Now, Yonkers, NY ain’t nowhere near the beach, and Frank’s sandwich shop is little more than a closet between a dry-cleaner and jeweler.

But we passed the time while I ate talking about our favorite lines or passages. He came over and pointed down to a page and quoted, “What is essential is invisible to the eye.” And he told me about Yvette and the year of hospitals and doctors and how he cut off all his own hair. He told me about how he learned to value what was most essential. It is beneath the surface where things are most essential, not seen with the eye.

And I understood Frank.

I told him about my small planet and my own fair rose who had too much pride and how she forced me to leave because she had to play it safe, and she couldn’t get past what had been done to her so many dark aching days ago in the hot Texas sun. I told him how I did not know what love was back then and I didn’t understand that she perfumed my world, in spite of her always showing her useless thorns. I didn’t know what I didn’t know until I learned that I didn’t know it. 

 

And Frank understood me.

 

I finished my sandwich and was about to say my goodbye when Frank turned his sign around and asked me if I wouldn’t mind following him downstairs. He had something he wanted me to see. So, I did what I was told because when the mystery of a chance encounter is so great, we dare not disobey, that’s what Exupery says.

In the basement of the sandwich shop on Sweetfield Circle there is a library with two chairs and a lamp that no one knows about. It was there in that library that Frank told me about how his Yvette loved to read and how in the pages of those books she was safe and was free to explore and dream. In a turn of reciprocity, she showed Frank how to dream and at night when the lights went out in the shop above, Frank would take his place in the chair beside his love. And they would dream in silence and understanding with no need for any kind of show. Frank turned on the light and told me about the greatest love he’d ever known.

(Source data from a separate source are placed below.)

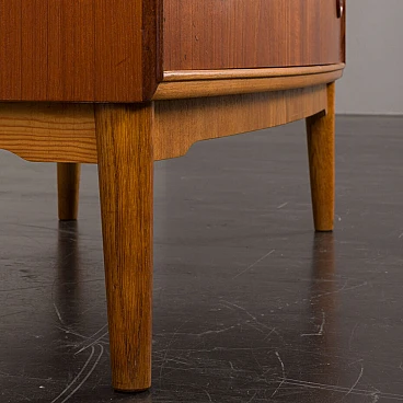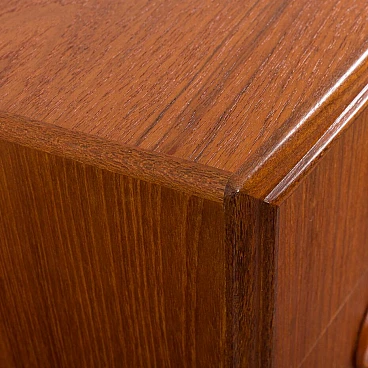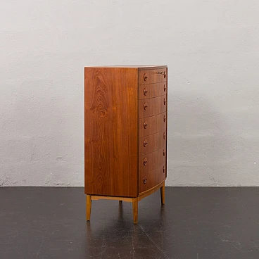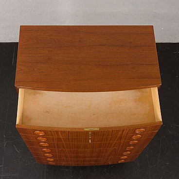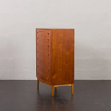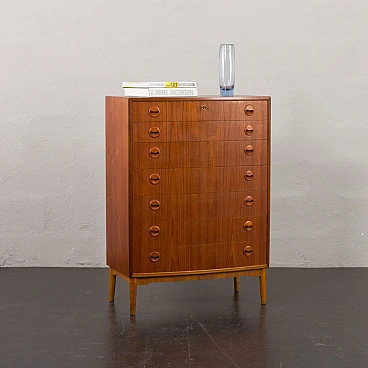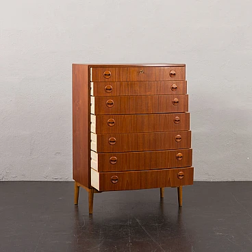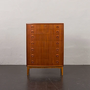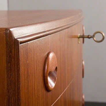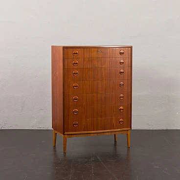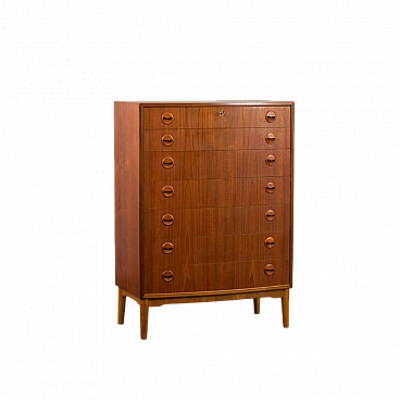 An elegant and functional chest of drawers by Kai Kristiansen made in Denmark in the 1960s. This is a rare seven-drawer model, also known as a semainier, popular in 18th-century France (the name comes from the French word for week, semaine), which was intended to separate the copious personal linen of the time in supplies from Monday to Sunday. The dresser has a nicely curved front with round solid teak handles, a teak base and features a beautiful and perfectly matching teak veneer. The top drawer closes with the preserved original key. The chest of drawers has been checked by our team. All drawers are clean and function smoothly. We have cleaned the wood meticulously and the surface has been refreshed with several coats of Danish oil. Excellent vintage condition with slight traces of use. We have two such drawers that can be purchased as a set.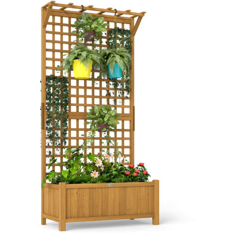 Wow, grüner Daumen mal anders! Dieses Outsunny Wand-Hochbeet mit integriertem Rankgitter ist perfekt für kleine Gärten. Mit 90x45x170 cm bietet es Platz für Blumen, Kräuter oder sogar Gemüse. Aus stabilem Massivholz gebaut und mit Drainage-Löchern gegen Staunässe. Das Rankgitter ist ideal für Kletterpflanzen oder um Lichterketten zu drapieren - sieht mega romantisch aus! Einfach zusammenbauen und auf Balkon, Terrasse oder im Garten platzieren. Jeder Pflanzkasten hält bis zu 15 kg aus. Mach deinen grünen Traum warum und genieße frisches Gemüse oder blühende Pflanzen direkt vor der Nase. Perfekt für Stadtgärtner mit wenig Platz!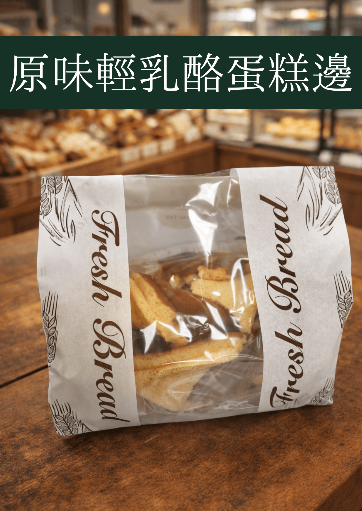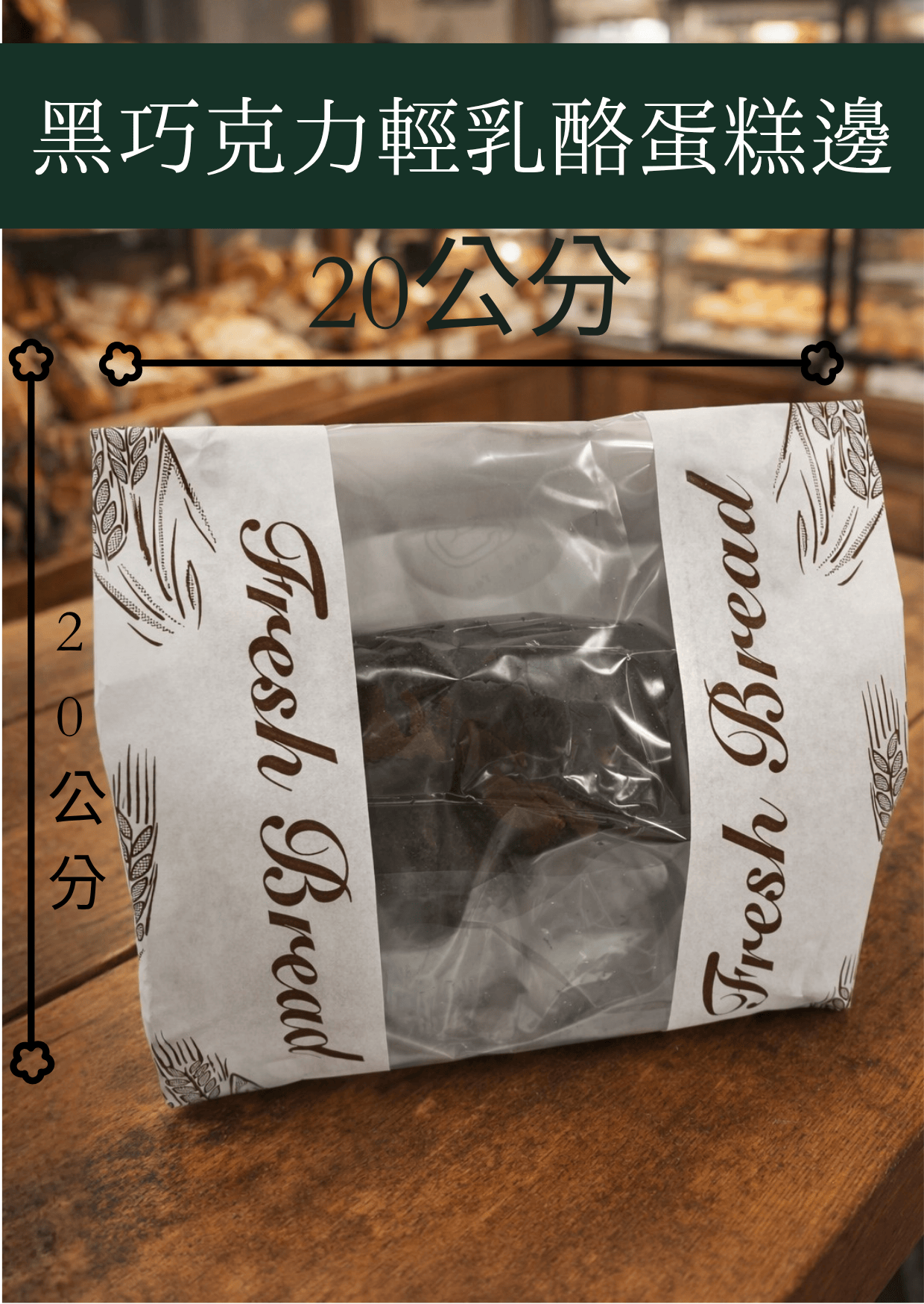 商品詳情 輕乳酪蛋糕體製作的蛋糕邊 一包重量約 350g 左右 長20寬20 厚度9內包裝為塑膠袋 外包裝的紙袋會另外提供! 一箱為15包 口味有 巧克力,黑巧克力,原味,抹茶 四種口味!保存期限:庫存 冷凍可以2個月 販售建議直接放常溫販售 當天可不冰冷藏三天 輕乳酪蛋糕切邊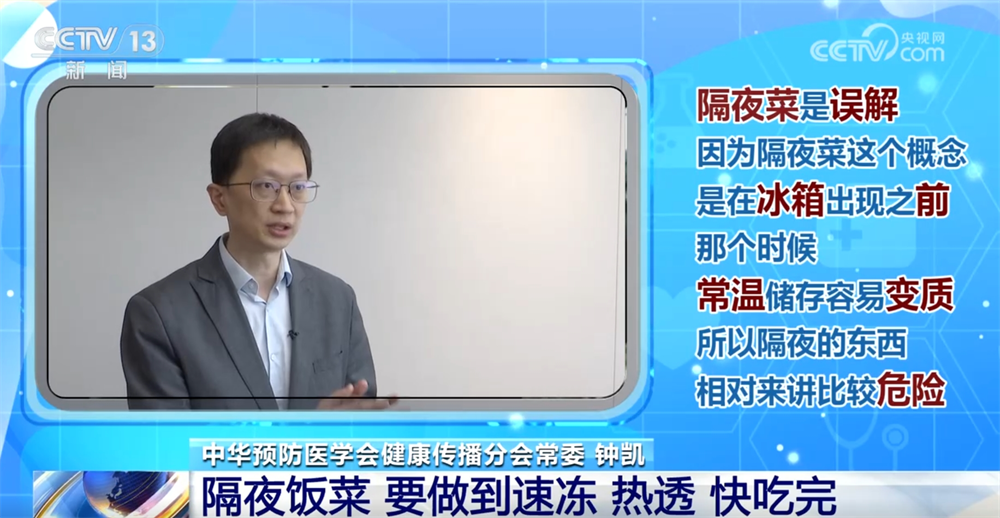 中華預防醫學會健康傳播分會常委鍾凱稱:“關於隔夜菜這個問題其實是一個非常大的誤解,因為隔夜菜這個概念本身出現是在冰箱出現之前,那個時候常温儲存是容易變質的,所以隔夜的東西確實相對來講會比較危險。有了冰箱是完全不一樣的概念,在冰箱當中,微生物的生長繁殖是被壓制的。首先第一條就是迅速降温,可以稍微趁它有點温熱的時候放冰箱迅速降温。第二個就是熱的時候一定要熱透,熱透的概念是説中心的温度達到70攝氏度,你可以用筷子試一試裏面是不是已經燙了,不要外面是熱的,裏面是涼的,熱透再吃沒有問題。第三個,不管冰箱有多麼安全,它都不是保險箱,剩菜剩飯要儘快吃掉,一般來講一兩天之內吃掉問題不大。”

He handed me Yvette’s copy of the book she so loved with a cover so faded and pages dogeared and the rest held together by rubber bands, determination, and love: kinda like all our lives. We are held together by determination and a will to love.  Frank asked me to read his favorite page. It was the part where the pilot begs the prince not to go, but instead the little prince taught that pilot how to cure his sadness by associating the Prince’s unforgettable laughter with the stars in the night time sky.  That way each time the pilot looked at the stars twinkling he would hear his friend's laughter, and he would think of his friend and smile.

And so, in this basement library I watched as a man -- who might have been my father -- shed tears and smiled because he made an association that changed the course of his life forever. It was just a moment and in that deep mysterious moment Frank did not disobey. Because what is most essential is invisible to the eye.

*******

Once when I was younger, and I knew much more than I do now,

I met a man who had his world changed and gave him permission to change mine. And even now in that library basement after the sign is turned around and the shop is dark and closed, there sits a man with a book and a light and the memory of silence and sounds. He hears his love and remembers his Yvette with a joy that is all his own.

So goes the tale of Frank and Yvette and a traveling pilgrim so far from his home.

So goes the tale of Sweetfield Circle and a mystery so great neither one of us dared disobey.

So goes the power of association and the paradox of gaining freedom by being tamed. 

So goes the Little Prince and how an end can help us begin again.

*******

And I understood. And Frank understood. And it was enough.